I have no idea how to disconnect the main line from the well.  But this evening my daughter was showering and came down saying there was no water at all.  I switched my softener to bypass and she had plenty of pressure then.  So I called the place where I got the softener.  They asked me if the clear pvc tubing that goes from the softener head to the drain was kinked like a garden hose and sure enough it was.  He was sure that was the problem.  He suggested I get some pvc pipe tomorrow that won't bend and replace the tubing with that.  He also had me run through some cycling on the head of the unit thinking that the resin was getting hard or something since the unit couldn't properly flush during it's cycles.  

I thought I was going to be home free but after opening up the tubing to let it complete the cycle my pressure was still very low.  I then put it back on bypass and it really didn't seem to do anything.  So, is this normal?  I mean, if I replace the tubing with nonbendable pipe will it eventually work itself out through a few cycles with the resin?  Thanks.


----------



## inspectorD (Apr 26, 2011)

I have a question, How old is your house or when was it built?
I'm wondering if you have galvanized (silver or black) water supply lines which block up over time.
And why did they put a water system in in the first place, are you on a well with hard water, or do you just not like municipal water?


----------



## gswartz (Apr 26, 2011)

The house was built in 1999.  We're on a well and have very hard water with some iron so we put in the softener a couple of months ago.  From what I can see it looks like a plastic tube coming into the house from outside and down to the pressure tank.  I don't see any galvanized anywhere.


----------



## Speedbump (Apr 26, 2011)

After the softener backwashes a few times, it should get back to normal.  Or you can manually backwash it several times.  It usually takes around 2 hours for a softener to go through a full backwash.  I would just do it twice then give it a try.  If that don't work, you must have some really bad water.


----------



## inspectorD (Apr 26, 2011)

I agree, Backwash a few more times. And if it does not get better, you may need to change the medium.
1999 should be copper or plastics.
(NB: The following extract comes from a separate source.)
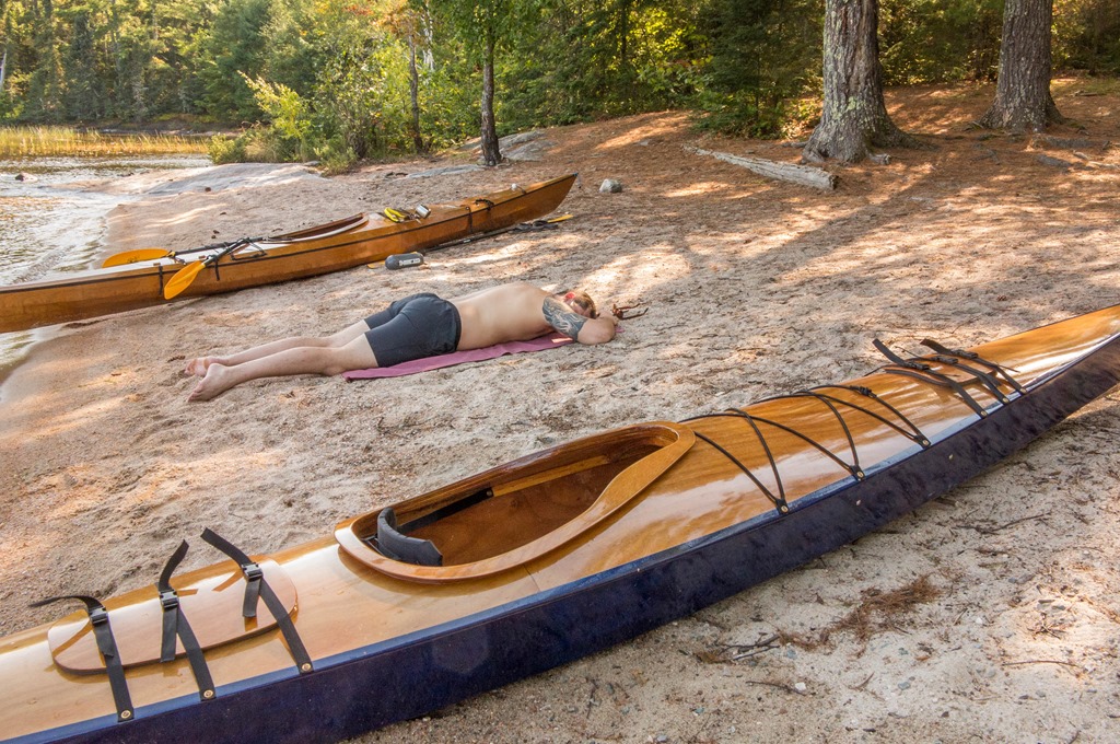 While Kyle napped on the sand, I waded into Pike Bay for a bath and Braden went to hang his hammock. In the middle of my refreshing soap-free scrub, Braden slid back into his boat with his fishing pole. “I forgot my tree straps,” he grumped. He improvised a paracord replacement, and I said we could stop for them on our way back the day after tomorrow.

Should be just fine, I was just trying to eliminate any other possibilities we did not see yet.

I just do not get why it was not ok that one time you also bypassed the filters? I would clean out all the aerators and see if they have junk in them.


----------



## kaleena (Jul 28, 2011)

One more thing to note is that water lines coming from the municipal supply are larger and have a greater diameter. Lines that go from your house to the main municipal lines have smaller diameters. When water travels through all these lines, it experiences a lot of friction from the walls of the pipes. It could be that a very small length of pipe, installed from your home to the next line, is causing excess friction and thus slowing the overall flow of water.


----------